According to the FDA, the phase III study showed that semaglutide significantly reduced the degree of cardiovascular death, heart attack, and stroke in patients by 20%. During the 3-year study, both groups received standard-of-care medical treatment, and major adverse cardiac events occurred in 6.5% of patients on semaglutide, in contrast to 8% of those taking a placebo.

“Semaglutide is the first weight management therapy proven in a rigorous randomized trial to reduce the risk of cardiovascular events, which establishes overweight or obesity as a modifiable risk factor for cardiovascular disease,” says study investigator A. Michael Lincoff, MD, of the Cleveland Clinic, when the data were presented at the American Heart Association Annual Meeting last year.

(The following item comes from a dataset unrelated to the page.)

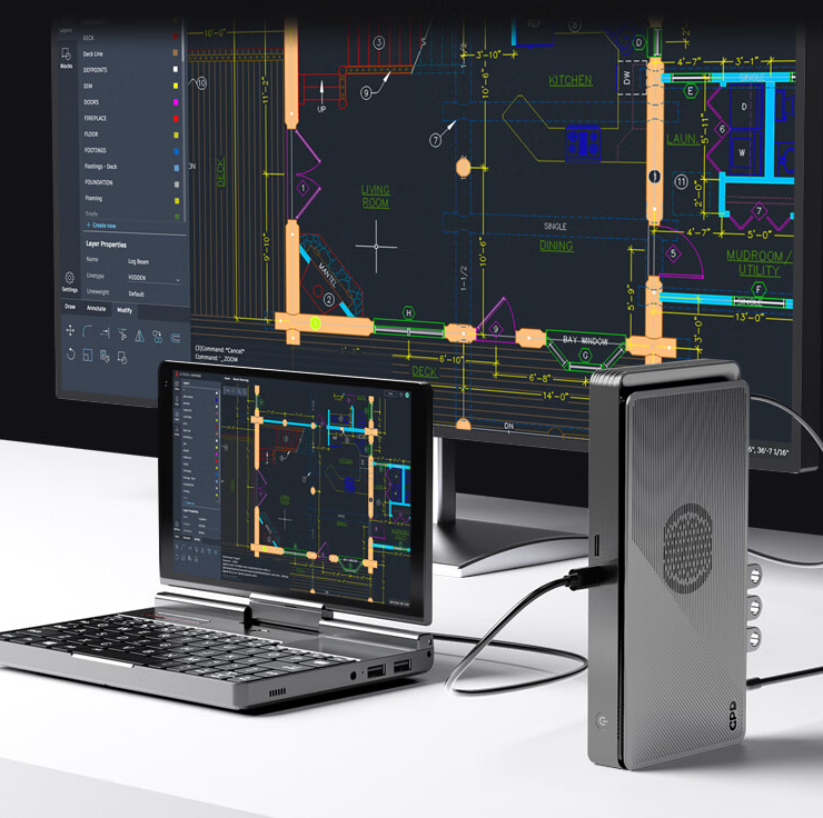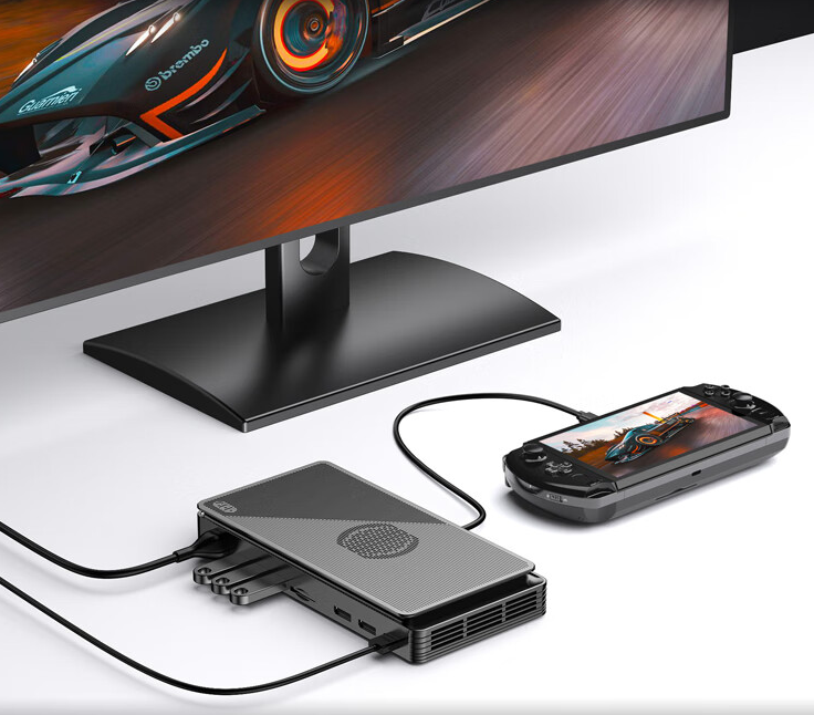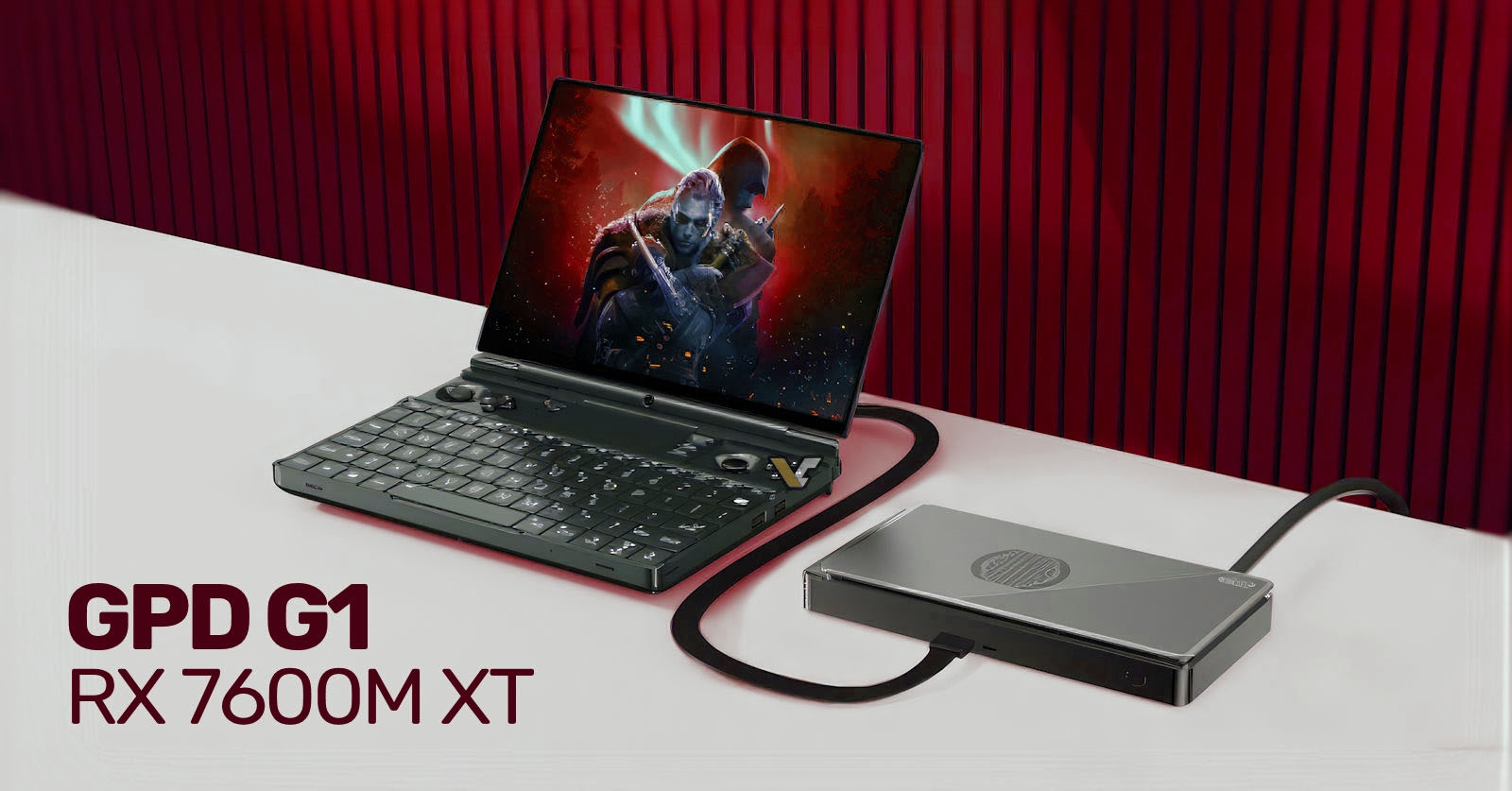 GPD发布了旗下首款外置显卡扩展坞产品“GPD G1”,配备了AMD RDNA3架构的移动版RX 7600M XT,可用于搭配自家游戏掌机,或者笔记本、迷你机等。GDP G1扩展坞的体积只有225x111×29.8毫米,重量约920克,与一台掌机相当,可握于掌中,可横放可竖放。

Wegovy was first approved in June 2021 for chronic weight management in adults with obesity (BMI of 30 or greater) or for adults with overweight (BMI 27 or greater) with at least one weight-related condition. Approval was later expanded to include children with obesity ages 12 and up. Semaglutide is also approved for type 2 diabetes as an injectable and oral drug.

Common side effects associated with semaglutide include nausea, diarrhea, vomiting, constipation, abdominal pain, headache, fatigue, dyspepsia, dizziness, abdominal distension, eructation, hypoglycemia in patients with diabetes, flatulence, and gastroesophageal reflux disease. Other warnings and precautions in the labeling include pancreatitis, gallbladder problems, hypoglycemia, acute kidney injury, hypersensitivity reactions, diabetic retinopathy, increased heart rate, and suicidal behavior or thinking.

The FDA says, “The prescribing information for Wegovy contains a boxed warning to inform health care professionals and patients about the risk of thyroid C-cell tumors.” As a result, the FDA warns that Wegovy not be used in patients with a personal or family history of medullary thyroid carcinoma or in patients with a rare condition called Multiple Endocrine Neoplasia syndrome type 2. Talk to your primary care physician about whether or not you may be a candidate for this treatment for cardiovascular disease and stroke.